Dr. Blecher offers his final (promise) thoughts:

"As previously stated, I agree that the PRP studies are less than perfect. Despite Dr. Mall's critiques, however, they do show statistically significant improvements with PRP therapy. We could discuss the merits of each study ad infinitum because perfect studies on new treatments rarely occur. But it should be noted that such flawless studies do not exist for many of the alternative treatments that Dr Mall suggests including the benefit of:

  • Rest
  • Decreasing/Stopping irritating activity
  • Stretching
  • Eccentric strengthening
  • Ultrasound
  • Heat/Cold
  • Electrical Stimulation
  • Cross Friction Massage
  • Astym (soft tissue therapy) 
  • Bracing
  • Compression Wrap
  • Medication (anti-inflammatories)
  • Steroid Injections
  • Acupuncture
  • Cold Laser; and
  • Diet (Omega 3s)

In fact, treatments such as physical therapy, steroid injections and even surgery often lack this type of evidence to substantiate their use for many of the indications for which they and PRP are used. I think it is safe to say that we agree that PRP treatment is not a panacea for all musculoskeletal conditions and should be used only in appropriate situations. It is up to each practitioner to synthesize the available evidence and determine how it will affect his or her practice.

I, for one, do find a growing role for PRP in my sports medicine practice. Dr Mall states that he has used it as well, which suggests that he must believe in its potential benefit to some degree. He is not alone. There are a growing number of well-informed patients who have tried and failed other treatments and seek out PRP therapy as an option of last resort. This includes patients who have failed surgery as well.

As with any procedure (surgery and PRP included), it is important that the patient have informed consent as to the potential risks and benefits of the treatment as well as the other treatment options available to them. If a practitioner does not believe enough in the potential benefits of a treatment until it is proven "beyond a reasonable doubt", then they will simply not offer that treatment.

But we should be aware that many of the alternative treatments listed above have not reached that same threshold of proof either and therefore to suggest one over another is somewhat arbitrary, and may just reflect the practitioners relative lack of experience with that particular treatment or may be based solely on cost. Treatments such as corticosteroid injection have never been shown to provide long term benefit and, in fact, have been shown to be detrimental to cartilage, tendon and ligament cells, yet they are commonly used because they are cheap, easy and provide quick pain relief.
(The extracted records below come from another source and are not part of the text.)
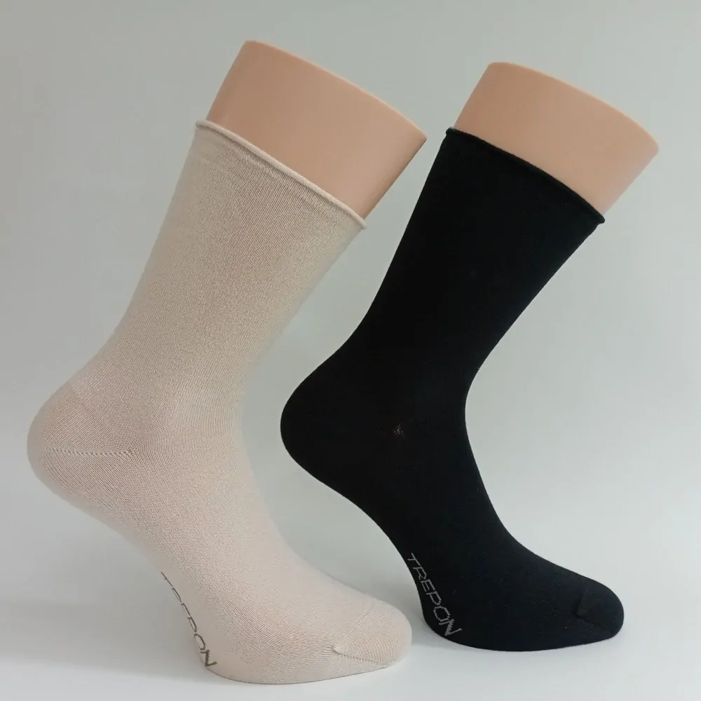 Zdravotní ponožky z bambusové viskózy s řetízkovanou špičkou a lýtka bez gumiček. Jsou jemné, měkké na dotek a prodyšné. Odvádí vlhkost, propouští vzduch - díky tomu pokožka dýcha a vlákno se nelepí na nohu. Bambusová příze je navíc velmi vzdušná a současně dobře reguluje teplotu, proto se v ponožkách nepotí nohy. Bambusová vlákna mají antibakteriální vlastnosti. Ponožky skvěle padnou díky přidanému elastanu, zátěžové části (paty a špičky) jsou zesíleny polyamidem pro delší životnost výrobku. Ponožky mají lýtko bez gumiček zakončeno ruličkou.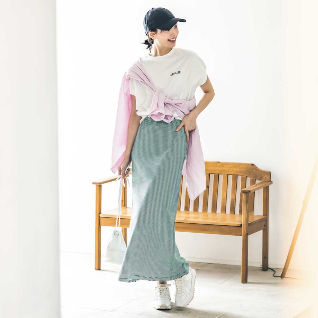 スカート¥6,050(ロバート ピー ミラー/買えるCLASSY.)Tシャツ¥8,800(アメリカーナ×ジーンズ ファクト リー/ジーンズ ファクトリー 卸団地本店)シャツ¥26,400(ティッカ)キャップ¥4,400(ニューエラ)バッグ¥19,800(ダブルスタンダードクロージング/フィルム)スニーカー¥14,850(アスファルト/アースマーケティング)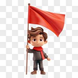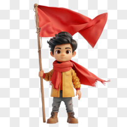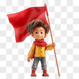 3D立体人物举着红旗免抠元素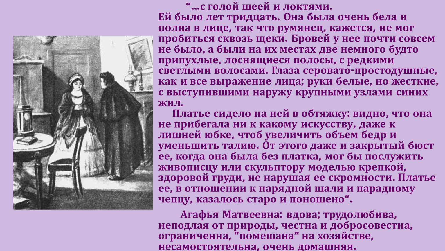 Агафья Матвеевна: вдова; трудолюбива, неподлая от природы, честна и добросовестна, ограниченна, “помешана” на хозяйстве, несамостоятельна, очень домашняя.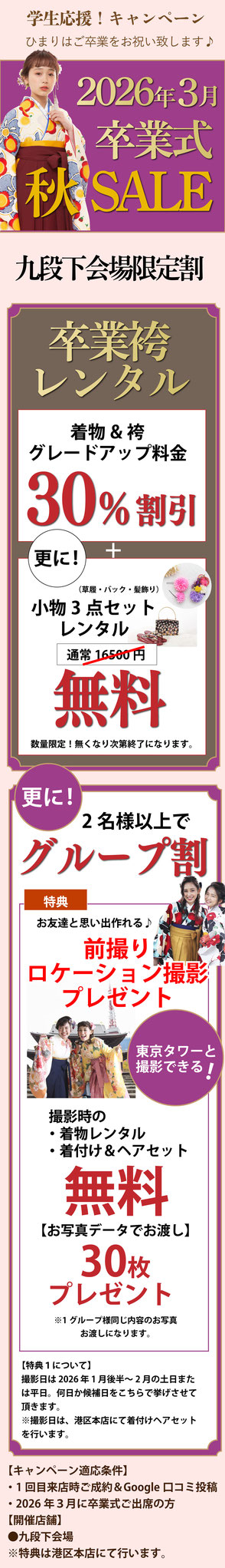 2026年3月武道館・九段下・早稲田大学・水道橋・後楽園・お茶の水へのアクセス楽々!卒業式ご出席の際は、まだ間に合う!卒業袴をレンタル可能!ご予約受付中!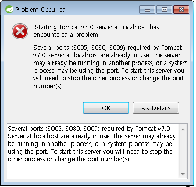이클립스에 톰캣, 제우스 등 서버를 올려서 사용하다 이클립스가 비정상적으로 종료되는 경우 아래와 같은 상황이 발생한다.

These "standard treatments covered by medical insurance" continue to fail for many patients. If we as practitioners continue to stick with cheap and easy until something that is more expensive is proven beyond a reasonable doubt, then we are just as bad as the insurance companies who continue to deny coverage on certain procedures until they have become the standard of practice.
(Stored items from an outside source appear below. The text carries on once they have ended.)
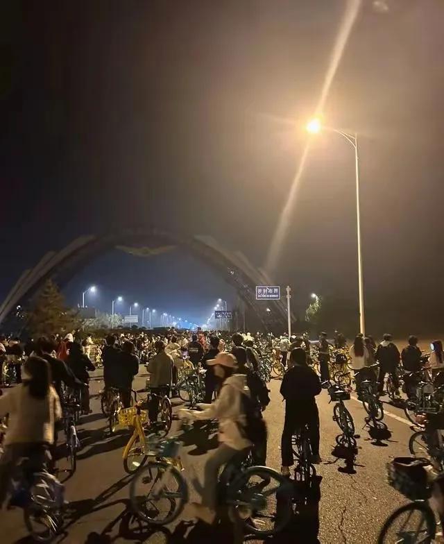 夜幕下,一场震撼人心的旅程在郑州与开封之间展开。一群郑州大学生,喊着“青春没有售价,单车直达开封”的口号,踏上单车,向着开封进发,而这一行程,需要四个小时。 令人瞩目的是,有“帽子叔叔”开着警车,在骑行队伍后方默默跟随守护。那闪烁的警灯,如同黑夜里温暖的灯塔,给这场青春的冒险增添了别样的色彩。学生们用力蹬车的身影,是青春活力的彰显;而警车的守护,是责任与爱的交织。 在这四个小时里,有汗水、有坚持,更有那无言却有力的守护。青春的热情在公路上燃烧,而“帽子叔叔”的守护让这份热情更加安全地绽放。这是一场属于青春的狂欢,也是一曲守护与被守护的赞歌,在夜风中传扬。#单车直达车开封# #一亿人都在开封# #开封杞县很有爱# #加油郑州学子#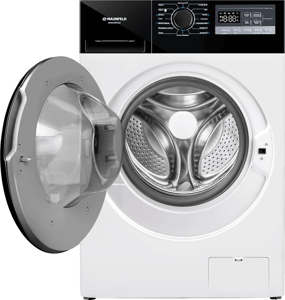 Стиральная машина Маунфилд MFWM1410STWH03 выпущена в стандартной конфигурации — устанавливается отдельно, поэтому рекомендуем заранее выделить для нее место в квартире. Благодаря классической фронтальной загрузке она привычна и удобна даже для тех, кто не очень разбирается в технике. В барабан помещается большое количество белья, что подойдет большим семьям или тем, кто часто стирает объемные вещи — постельное белье, верхнюю одежду. Максимальная загрузка: 10 кг.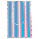 Fun gift bag in light blue, pink and white stripes, hearts and rainbows to stand for the transgender flag colors.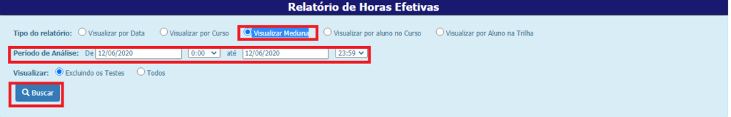 Selecione o tipo de relatório – Visualizar por mediana o período, clique em Buscar.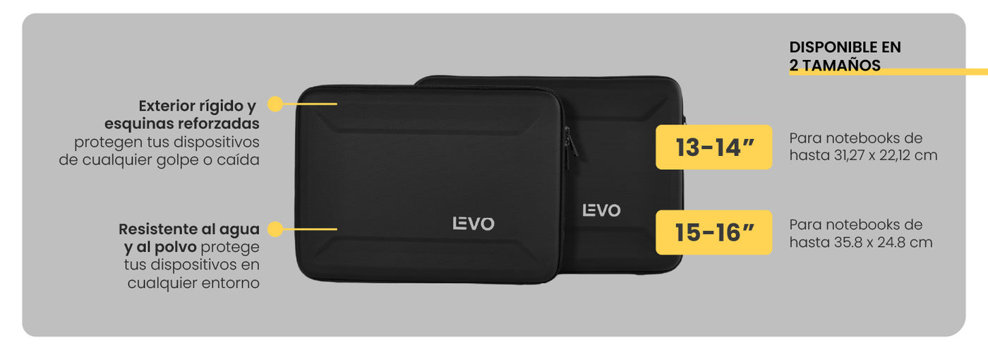 Tu notebook es más que un dispositivo, es el centro de tus ideas, tu compañero de estudio, trabajo y creatividad. La Funda HardShell para Notebook Levo ha sido diseñada para acompañarte en cada desafío, brindando una protección superior sin sacrificar comodidad ni estilo.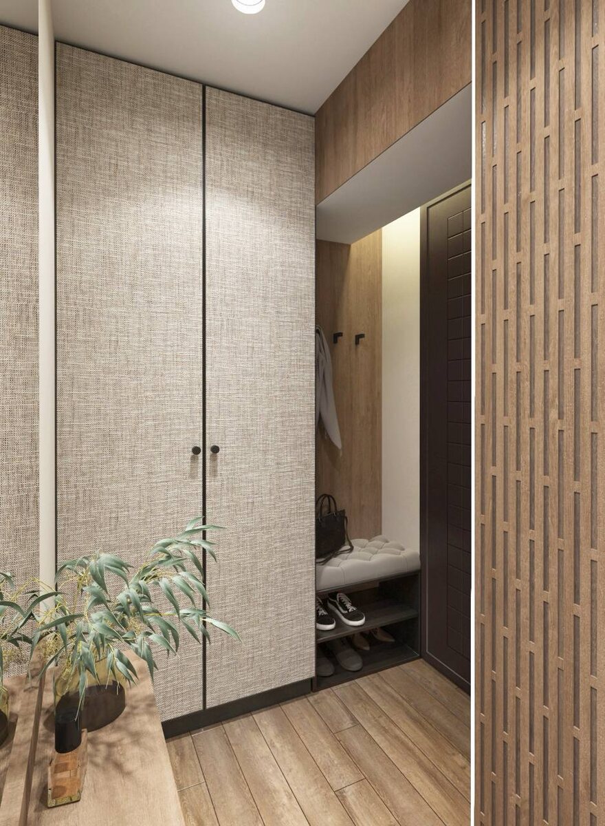 Это маленькое пространство мы с заказчиками постарались сделать очень функциональным - вместили как можно больше мест для хранения: пара шкафов для одежды (плюс отсек для хоз инвентаря), открытая панель с крючками у входа, стеллаж для сумок/обуви, и консоль с зеркалом для мелочей. Здесь соседствуют разные текстуры отделки - единая древесина на корпусе и панелях, ткань на фасадах одного из шкафов, зеркало на другом. Все эти приёмы не случайны - они делают пространство многоплановым, интересным, визуально лёгким и гармоничным.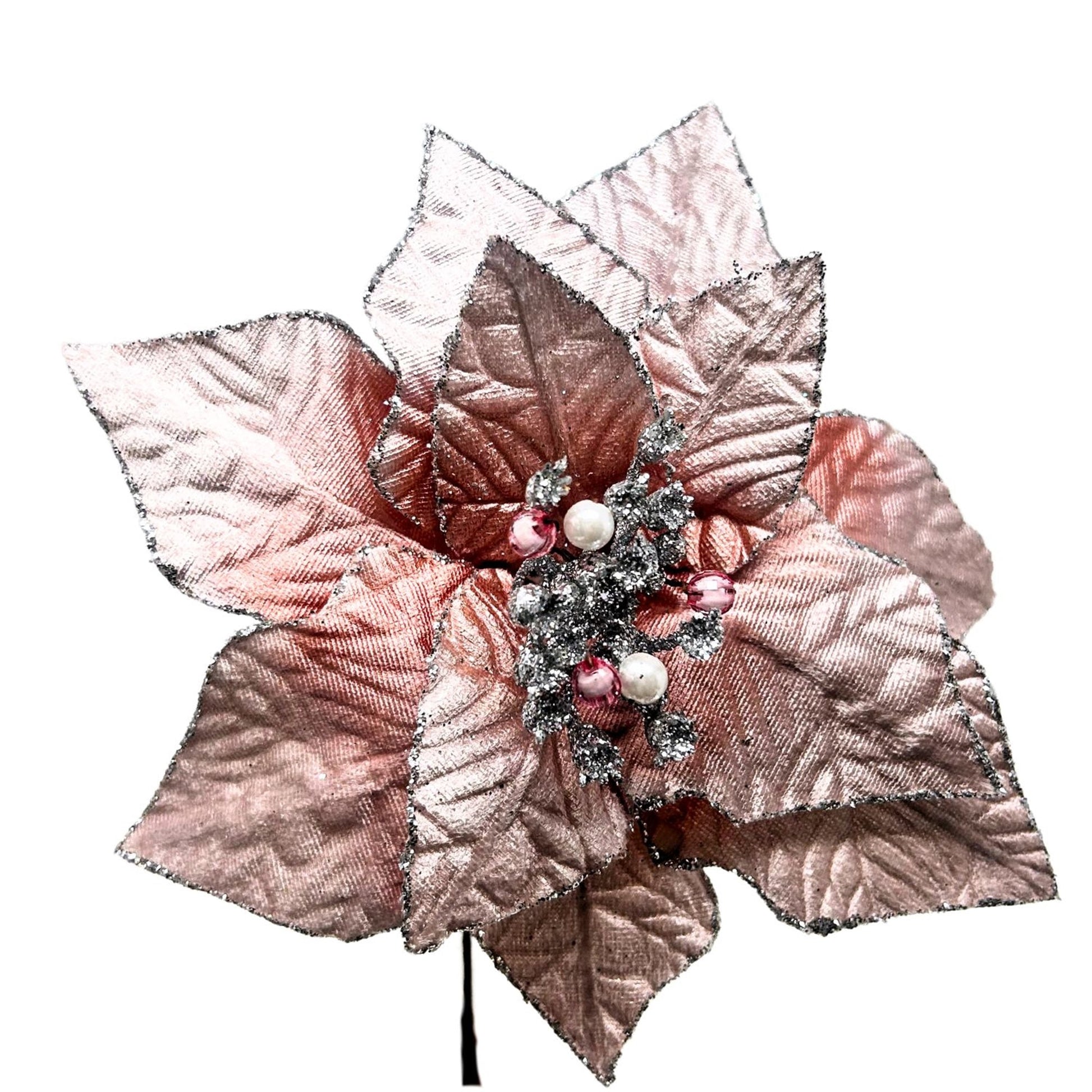 The 15-inch Ombre Poinsettia Pick in pink adds a refined and elegant touch to your holiday decor. Featuring a carefully crafted gradient effect, this piece enhances wreaths, centerpieces, and trees with subtle color variation.

I believe that PRP will one day have the preponderance of evidence in its favor when used appropriately, and insurance companies will realize that it is cheaper than surgery and requires little to no down time or missed work. In fact, there are now some worker's compensation insurance carriers that have started covering PRP treatments, as they too become convinced of its cost-effectiveness.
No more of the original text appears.